Outputs:(a line in brace after the final output)

0  
12456  
23454324543423  
1  
0  

I already did some research to try to solve the problem,I changed my code so that I could see the results of the variables at each execution and nothing. I’m always getting the message from "Wrong Answer (90%)".

The cases of tests given present identical answers to mine, but testing here I observed that from 20 decimal places the program produces unexpected results.

My code:

/*Esta dando certo pra números de ate 19 dígitos*/

#include<bits/stdc++.h>

#include <math.h>


using namespace std;

int main(){

    int d = 0;
    long long int n = 0, resp = 0;

    while(scanf("%d %lld", &d, &n) && d && n){

        long long int aux = 0;

        for(long long int i = 0; n != 0;){

            //Separo o ultimo número
            aux = n % 10;
            n = n / 10;

            //avalio o número
            if(aux != d){

                resp += ( aux * (int)pow(10, i) );
                i++;
            }

        }//end for

        //Printa a resposta
        printf("%lld\n", resp);
        resp = 0;
    }//end wile

    return 0;
}//end main

NOTE: The program is tested with more test cases than the given, and says that the number N can be a large number.

1 answer

5


This is a competitive programming problem. Whoever does this kind of problem knows which algorithm you need to use to solve it. And try to row against the current, solve the problem in a different way than the original design will result in waste of time or miserable failure.

A waste of time happens when you try to kill flies with bazookas. For example, in a competition within the college, the proof director elaborated a question to search for one string within the other. The problem was similar to this, but I could use the library string.h. My team spent a lot of time on it, implementing the search for substring KMP, when those who prepared the proof simply wanted a strstr like the @Isac noted in his reply.

The pitiful flaw is when you try to kill dragons with fly swatters. See that question and my answer to realize that any solution other than Pisano sequence will not return in a timely manner.


Before I address your question, I’m going to talk about a competitive scheduling issue that my crew and I created to stimulate college freshmen.

Phoenician-Portuguese

Rudy, associate of Uece, Union of Students of Epic Cultures, was researching in a Portuguese tomb and found a tablet with characters similar to found in the fourteenth century Portuguese alphabet. As a good researcher, he realized that there were no vowels in these scriptures, as soon as he realized that it was a culture residual expertise in that area. After much study, he realized that this was one of the first forms of writing that appeared in Portugal, with reports of similar writing in Lisbon.

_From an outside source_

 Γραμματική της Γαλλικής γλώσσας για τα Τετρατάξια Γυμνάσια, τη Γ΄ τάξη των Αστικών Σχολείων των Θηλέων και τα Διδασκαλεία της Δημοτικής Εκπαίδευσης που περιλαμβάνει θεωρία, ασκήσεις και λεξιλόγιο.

As the tablet, even putting vowels in words, remained illegible, Rudy theorized that the "Phoenician-Portuguese" read their writings from right to left.

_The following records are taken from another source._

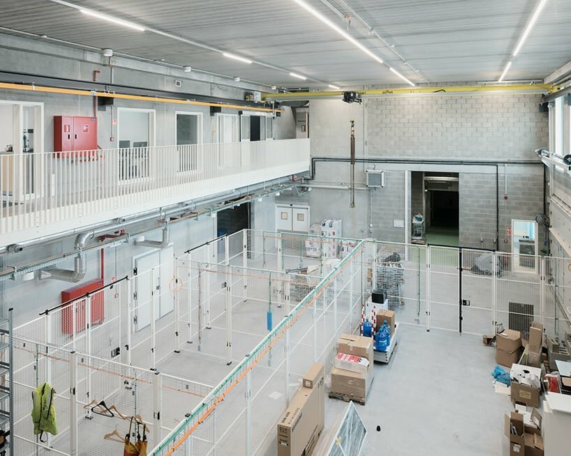 The building forms a low-column structure designed as an open frame planning different program points. Shaping the head of a new development between the water tower and Fort Napoleon in Ostend, at the crossroads between the ‘Vuurtorenwijk’ and the ‘Oosteroever’, the project combines a technical research program with an important public and urban anchor function. The imposing volume by the evr-architecten design studio stands out due to its profile, plinth, and uncommon materiality, forming the pivot between the lighthouse district and the eastern bank.
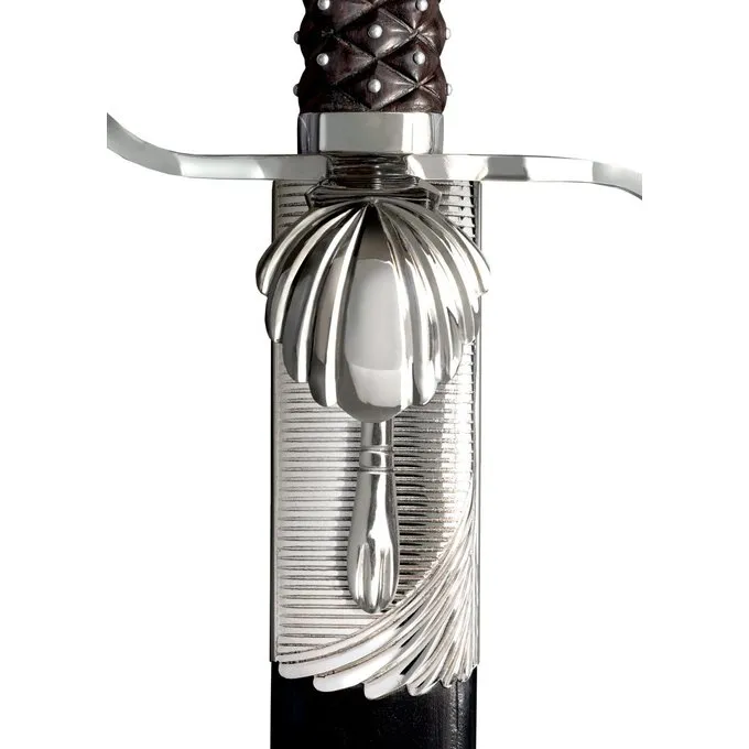 Het jachtzwaard is een wapen met een kling van max. 65 cm dat tijdens de 16de en 17de eeuw vrij populair werd in Europa en de VS. Het was een mode statement, maar daarnaast ook effectief, handig en het juiste formaat om overal mee te dragen. Deze replica van Cold Steel heeft een sterk gepolijste kling en heeft meerdere bloedgoten. Het mooie handvat is gemaakt van Maleisisch hout en is gedecoreerd met pinnetjes van nikkel. De schede en de stootplaat hebben een elegant schelpvormig ontwerp. De schede is gemaakt van hoge kwaliteit zwart leer.
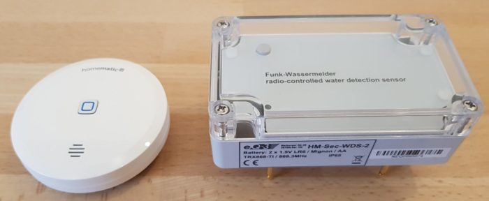 Einmal den HM-Sec-WDS-2, der hinter meiner Waschmaschine steht, und dann noch den
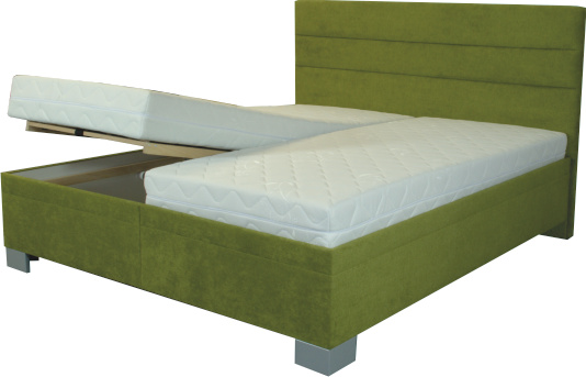 Nožky postele jsou vysoké 10 cm a můžete si zvolit dřevěné nebo kovové.
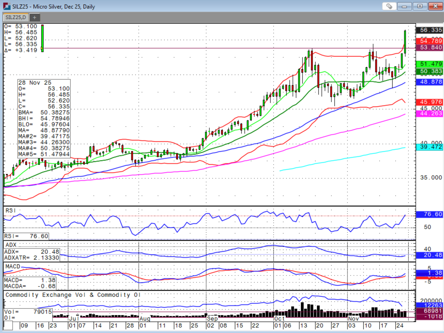 Quickly on metals, high ho silver away! Yes, I trade silver if you’re interested as we made new highs above $56 per troy ounce on Friday. Gold also traded higher, but not back to its recent highs, yet. Is the rally in metals a sign of nervousness ahead for the broader market? It seems so with stock performance and investment outside the AI boom being meager at best.Â

You, as Rudy’s good friend and programmer, volunteered to help his friend in his research, transforming words from our writing into Phoenician-Portuguese writing.

Example of input/output

thiago       | ght
maratona     | ntrm
kiwi         | wk

Notice any resemblance to your problem? Yes, it’s almost the same thing. You read information and return it after doing some deletions. There are three differences between the issues:

  1. in "Phoenician-English", the output is reversed
  2. in your problem, you need to worry about the case of erasing all information
  3. in "Phoenician-English", there are 5 characters to be removed, instead of only 1

Tips from the person who wrote the question

The author of the question is very aware of what he wants. So he already makes it clear to the competitors what kind of information he has. In this case, we have to 1 <= N <= 10^100. This absurd size is the tip he left.

To represent this number, how many bits would it take? Well, just apply the log2 number, right? That would be 100 * log2(10), but we are talking about competitive programming and we cannot spend time calculating the log2.

We know that 10^3 ~~ 2^10, then 10^100 ~~ (10^3)^33. Thereby, 10^100 ~~ (10^3)^33 ~~ (2^10)^33 = 2^330. That is, around 330 bits. Well, you will have a hard time trying to assemble your own whole type with that size...

Or we can treat it as a word processing problem. Simple as that. Where’s the math? Doesn’t matter much, arithmetic isn’t around.

All you need to do is turn one string into another. All you need to do is read the entire line, separate the first character that is the character to be ignored, skip the space, and then process the rest of the line, down to the \n.

To read a line, you can use the fgets. The number of characters to be read is limited by two factors:

  1. the numerical argument you pass
  2. find an EOL

Read more about fgets; here too

In this case, the format of the input is:

  • a digit character
  • a space
  • between 1 and 100 digit characters
  • the line break \n

Then the fgets limited to 1+1+100+1 and the null terminator \0 is enough to read any line of the given problem. Therefore, fgets(entrada, 104, stdin) makes the entrance perfectly.

After that, we will process the characters from entrada[2] until you find the line break.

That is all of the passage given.